NEP 50: Promotion rules for Python scalars
Hi all, I would like to share the first formal draft of NEP 50: Promotion rules for Python scalars with everyone. The full text can be found here: https://numpy.org/neps/nep-0050-scalar-promotion.html NEP 50 is an attempt to remove value-based casting/promotion. We wish to replace it with clearer rules for the resulting dtype when mixing NumPy arrays and Python scalars. As a brief example, the proposal allows the following (unchanged): >>> np.array([1, 2, 3], dtype=np.int8) + 100 np.array([101, 102, 103], dtype=np.int8) While clearing up confusion caused by the value-inspecting behavior that we see sometimes, such as: >>> np.array([1, 2, 3], dtype=np.int8) + 300 np.array([301, 302, 303], dtype=np.int16) # note the int16 Where 300 is too large to fit an ``int8``. As well as removing the special behavior of 0-D arrays or NumPy scalars: >>> res = np.array(1, dtype=np.int8) + 100 >>> res.dtype dtype('int64') This is the continuation of a long discussion (see the "Discussion" section), including the poll I once posted: https://discuss.scientific-python.org/t/poll-future-numpy-behavior-when-mixi... I would be happy for any feadback, be it just editorial or fundamental discussion. There are many alternatives which I have tried to capture in the NEP. So lets discuss here, or on discuss: https://discuss.scientific-python.org/t/nep-50-promotion-rules-for-python-sc... For smaller edits, don't hesitate to open a NumPy PR, or propose edits on my branch (you can use the edit button to create a PR): https://github.com/seberg/numpy/blob/nep50/doc/neps/nep-0050-scalar-promotio... An important part of moving forward will be assessing the real world impact. To start that process, I have created a branch as a draft PR (at this time): https://github.com/numpy/numpy/pull/21626 It is missing some parts, but should allow preliminary testing. The main missing part is that the integer warnings and errors are less strict than proposed in the NEP. It would be invaluable to get a better idea to what extent existing code, especially end-user code, is affected by the proposed changes. Thanks in advance for any input! This is a big, complicated proposal, but finding a way forward will hopefully clear up a source of confusion and inconsistencies that make both maintainers and users life harder. Cheers, Sebastian
On Wed, Jun 1, 2022 at 5:51 PM Sebastian Berg <sebastian@sipsolutions.net> wrote:
An important part of moving forward will be assessing the real world impact. To start that process, I have created a branch as a draft PR (at this time):
https://github.com/numpy/numpy/pull/21626
It is missing some parts, but should allow preliminary testing. The main missing part is that the integer warnings and errors are less strict than proposed in the NEP. It would be invaluable to get a better idea to what extent existing code, especially end-user code, is affected by the proposed changes.

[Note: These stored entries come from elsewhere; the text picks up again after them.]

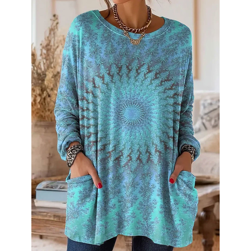 Women's T Shirt Ombre Graphic Vintage Fashion Stylish Long Sleeve Crew Neck Regular Tops Daily Going out Weekend Pocket Print Blue Pink Green Spring Fall Winter
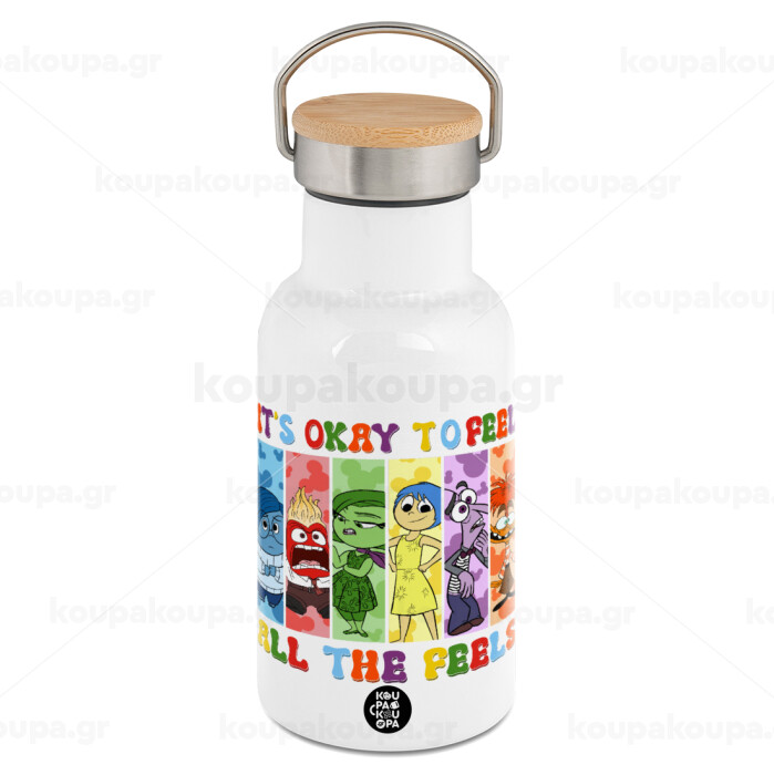 Inside Out It's Okay To Feel All The Feels , Μεταλλικό παγούρι θερμός (Stainless steel) Λευκό με ξύλινο καπακι (bamboo), διπλού τοιχώματος, 350ml
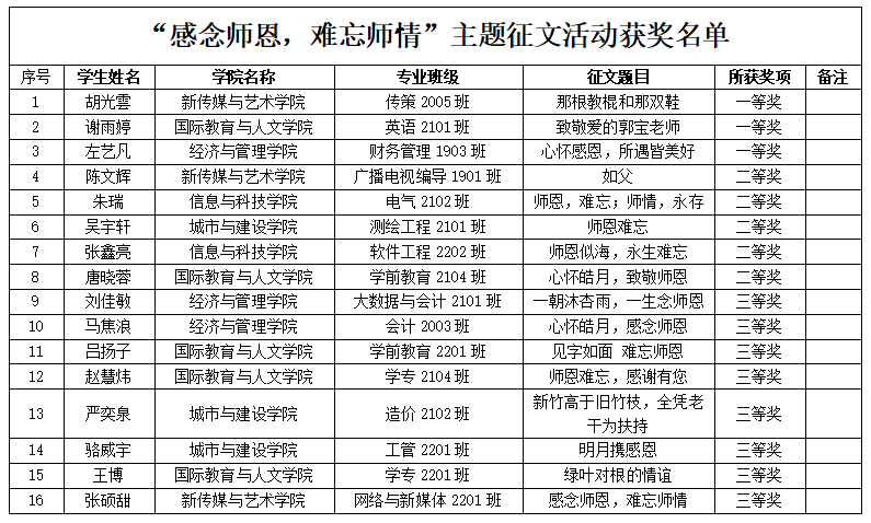 ? ? ? ? 根據(jù)陜西省教育廳辦公室下發(fā)《關(guān)于做好2022年教師節(jié)慶?;顒?dòng)的通知》文件精神,在教師節(jié)來臨之際,為了體現(xiàn)我學(xué)院學(xué)生對于教師的感恩之情。由學(xué)生處學(xué)生資助管理中心組織全院學(xué)生開展了“感念師恩,難忘師情”主題征文活動(dòng)。全院學(xué)生積極投稿,共計(jì)收到稿件400余件,經(jīng)過二級學(xué)院初評,學(xué)院評閱委員會(huì)審閱,最終,胡光雲(yún)等3名同學(xué)榮獲一等獎(jiǎng),陳文輝等5名同學(xué)榮獲二等獎(jiǎng),劉佳敏等8名同學(xué)榮獲三等獎(jiǎng),具體獲獎(jiǎng)名單公示如下:
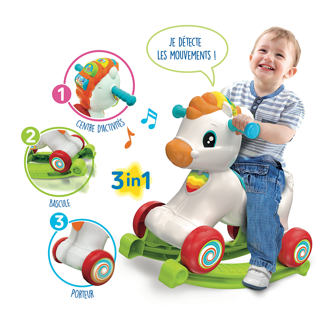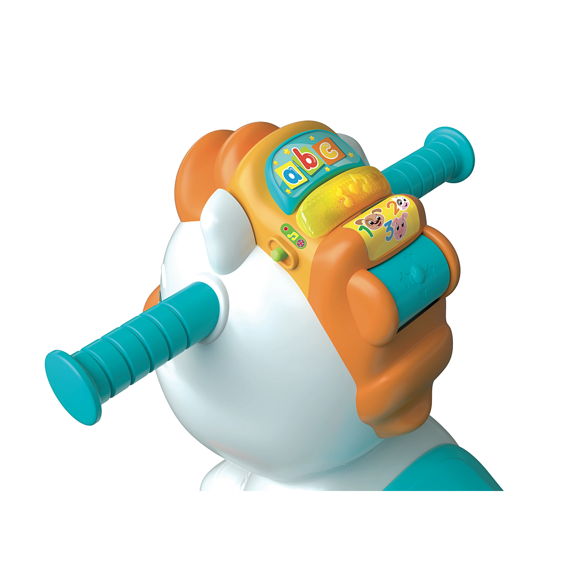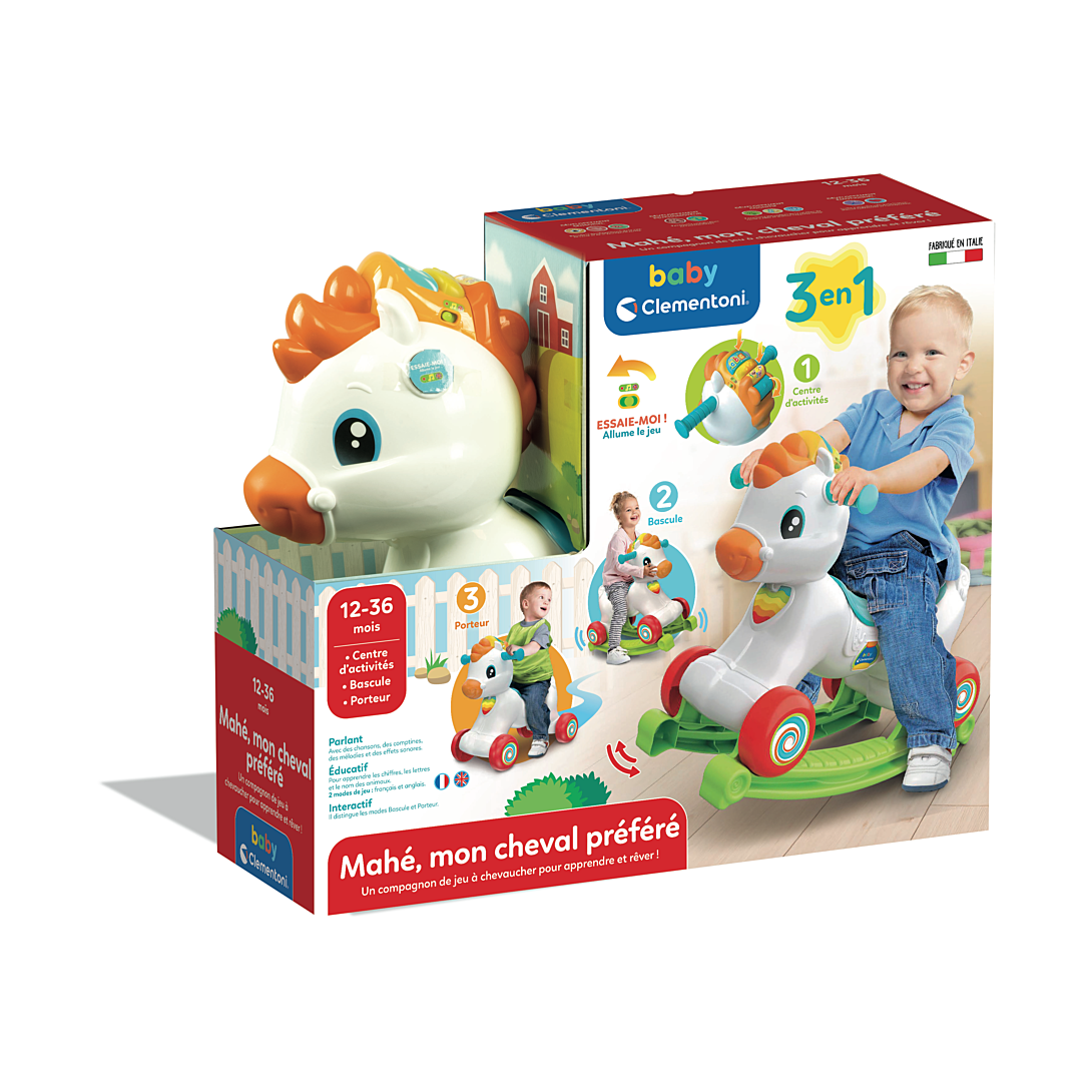 • Un adorable cheval à bascule à chevaucher qui est aussi un centre d’activités interactif ! • Grâce à un capteur, Mahé détecte le mouvement et divertit l’enfant avec des effets sonores réalistes, des phrases amusantes et des chansons. • Si l’enfant caresse la crinière, celle-ci s’illumine et le cheval interagit avec l'enfant en l’invitant à prendre soin de lui. • Les touches situées sur la crinière enseignent les lettres, le cri et le nom des animaux, et la roulette énonce les premiers chiffres. L'enfant pourra même apprendre quelques mots d’anglais !
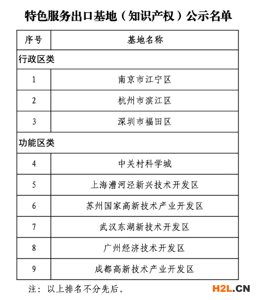根據(jù)《商務部等7部門辦公廳(室)關于組織申報專業(yè)類特色服務出口基地的通知》(商辦服貿(mào)函〔2021〕355號)要求,商務部、中央宣傳部、教育部、自然資源部、人力資源社會保障部、知識產(chǎn)權局、中國外文局等7部門共同開展了人力資源服務、地理信息服務、知識產(chǎn)權服務和語言服務等4個領域的特色服務出口基地評審認定工作。經(jīng)地方申報、省市知識產(chǎn)權和商務主管部門初審推薦、第三方機構客觀指標評審、專家評審、部門工作組復核等程序,初步認定知識產(chǎn)權服務出口基地9家。目前,名單已經(jīng)公示,公示時間為2月7日至2月11日。
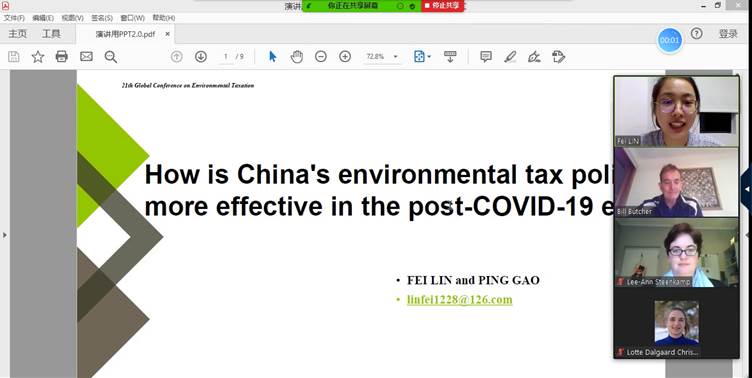 林菲同学在分论坛上发表了题为“Howis China's environmental tax policy more effective in the post-COVID-19 era?”的演讲。林菲同学介绍了新冠肺炎疫情对我国经济、环境和社会等方面的影响,讨论了疫情期间我国环境税收政策对税收优惠和征管方面做出的改进和创新,重点探讨了我国在“无接触式”办税新形式和危险废物的税收优惠政策等方面的进展和有益经验,并指出在后疫情时代,中国税负上调空间可能受限,环境税收政策实施应更注重运用现代税收征管方式,实现征管效率的提高,进一步完善危险废物的环境税收政策以及医疗废物资源综合利用政策等。这一主题引起了与会者的广泛关注,来自南非、意大利、西班牙等国的学者积极围绕林菲同学的发言展开讨论,并深入交换了学术观点。在全球疫情仍然严峻的当下,公司师生紧扣全球新冠疫情严峻背景,把握疫情期间我国环境税收政策实际,重点介绍并探讨了后疫情时代我国环境税收的有效性问题,这有助于增进其他国家对我国环境税收政策的了解,也有助于公司师生了解国际环境税收研究的前沿方向。

Thanks Sebastian! For testing, did you already try with some of the usual suspects, or would it be helpful to use this branch on SciPy, Pandas, etc.? Also, do you expect it's useful to do platform-specific testing? I can imagine there's some Windows-specific behavior; adapting a SciPy CI job to work from your branch is easy to do if that would be helpful. Cheers, Ralf
On Wed, 2022-06-01 at 20:23 +0200, Ralf Gommers wrote:
On Wed, Jun 1, 2022 at 5:51 PM Sebastian Berg <sebastian@sipsolutions.net> wrote:
An important part of moving forward will be assessing the real world impact. To start that process, I have created a branch as a draft PR (at this time):
https://github.com/numpy/numpy/pull/21626
It is missing some parts, but should allow preliminary testing. The main missing part is that the integer warnings and errors are less strict than proposed in the NEP. It would be invaluable to get a better idea to what extent existing code, especially end-user code, is affected by the proposed changes.

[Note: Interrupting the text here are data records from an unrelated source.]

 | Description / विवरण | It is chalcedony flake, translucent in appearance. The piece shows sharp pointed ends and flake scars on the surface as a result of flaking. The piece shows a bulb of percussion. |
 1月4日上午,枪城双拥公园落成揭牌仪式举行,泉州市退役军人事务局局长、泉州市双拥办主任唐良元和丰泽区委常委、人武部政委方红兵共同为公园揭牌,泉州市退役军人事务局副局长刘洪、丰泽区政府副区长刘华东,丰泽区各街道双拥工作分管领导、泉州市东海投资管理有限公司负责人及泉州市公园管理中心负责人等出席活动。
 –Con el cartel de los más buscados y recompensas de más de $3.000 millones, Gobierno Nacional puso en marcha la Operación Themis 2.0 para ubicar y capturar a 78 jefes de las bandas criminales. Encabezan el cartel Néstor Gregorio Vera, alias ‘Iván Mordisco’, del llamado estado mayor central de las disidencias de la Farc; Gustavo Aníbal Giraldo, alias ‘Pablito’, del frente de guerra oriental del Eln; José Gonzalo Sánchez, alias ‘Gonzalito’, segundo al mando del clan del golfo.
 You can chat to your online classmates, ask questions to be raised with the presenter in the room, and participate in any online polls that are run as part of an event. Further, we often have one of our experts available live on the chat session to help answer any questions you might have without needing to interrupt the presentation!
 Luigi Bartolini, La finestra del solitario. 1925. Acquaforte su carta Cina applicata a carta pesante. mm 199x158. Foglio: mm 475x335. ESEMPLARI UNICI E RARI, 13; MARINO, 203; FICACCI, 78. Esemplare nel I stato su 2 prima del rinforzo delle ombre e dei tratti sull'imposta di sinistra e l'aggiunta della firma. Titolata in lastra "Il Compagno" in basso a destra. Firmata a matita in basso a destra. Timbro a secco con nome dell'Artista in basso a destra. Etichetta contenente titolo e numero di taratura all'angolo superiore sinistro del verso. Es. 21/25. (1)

Thanks Sebastian! For testing, did you already try with some of the usual suspects, or would it be helpful to use this branch on SciPy, Pandas, etc.? Also, do you expect it's useful to do platform-specific testing? I can imagine there's some Windows-specific behavior; adapting a SciPy CI job to work from your branch is easy to do if that would be helpful.

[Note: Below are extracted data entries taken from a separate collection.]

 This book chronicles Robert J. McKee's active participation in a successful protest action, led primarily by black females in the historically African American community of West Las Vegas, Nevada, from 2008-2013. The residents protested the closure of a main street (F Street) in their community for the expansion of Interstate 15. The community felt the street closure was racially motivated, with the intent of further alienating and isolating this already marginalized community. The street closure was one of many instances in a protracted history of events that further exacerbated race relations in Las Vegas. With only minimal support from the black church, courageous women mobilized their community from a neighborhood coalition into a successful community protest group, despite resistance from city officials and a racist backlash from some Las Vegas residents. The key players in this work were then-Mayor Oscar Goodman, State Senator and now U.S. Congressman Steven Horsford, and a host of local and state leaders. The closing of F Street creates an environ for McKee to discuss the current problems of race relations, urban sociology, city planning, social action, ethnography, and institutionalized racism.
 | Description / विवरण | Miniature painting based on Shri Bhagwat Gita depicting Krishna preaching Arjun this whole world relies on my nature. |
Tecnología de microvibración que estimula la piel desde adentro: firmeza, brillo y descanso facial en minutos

Yes, I have for SciPy. As noted in the PR, those look "mostly harmless" on first sight (not that it won't mean quite a bit of work, but I think it is manageable work). I would be more scared if there is a need to systematically vet all places where behavior (may have) changed. For example, in NumPy: np.median(np.float32([1, 2, 3, 4])) did return a float64 before and will now return a float32. I assume because somewhere we write: `(np.float64(3) + np.float32(2)) / 2`. There a few places that I suspect just need updated test or a bit of thought. And at least one or two that need to use the correct integer types (IIRC `scipy.io.idl` seems to be using some low precision or unsigned integer type internally and that leads to failures). I thought pandas would fail much harder, but it seems only had a 150- 200 failures (many probably clustered). One larger annoyance there is that one parametrized test runs into an infinite recursion which makes it run excruciatingly slow. In any case, I believe that it would be far more helpful if those more familiar with the libraries have a look at the failures. Not only do they know better how much impact they have; it also helps to get a feel for how painful the transition will be. One problem I see, is that I still expect that libraries are not the main issue. Using a SciPy integrator may end up with a float32 rather than a float64 result. In the SciPy test suite, that probably just means tweaking the test a bit. But that same change will also break someones script out there, somewhere. So the real affected persons (who may occasionally get less precise/breaking results) are likely the end-users rather than the libraries. Cheers, Sebastian
Cheers, Ralf _______________________________________________ NumPy-Discussion mailing list -- numpy-discussion@python.org To unsubscribe send an email to numpy-discussion-leave@python.org https://mail.python.org/mailman3/lists/numpy-discussion.python.org/ Member address: sebastian@sipsolutions.net
For example, in NumPy:
np.median(np.float32([1, 2, 3, 4]))
did return a float64 before and will now return a float32. I assume because somewhere we write: `(np.float64(3) + np.float32(2)) / 2`.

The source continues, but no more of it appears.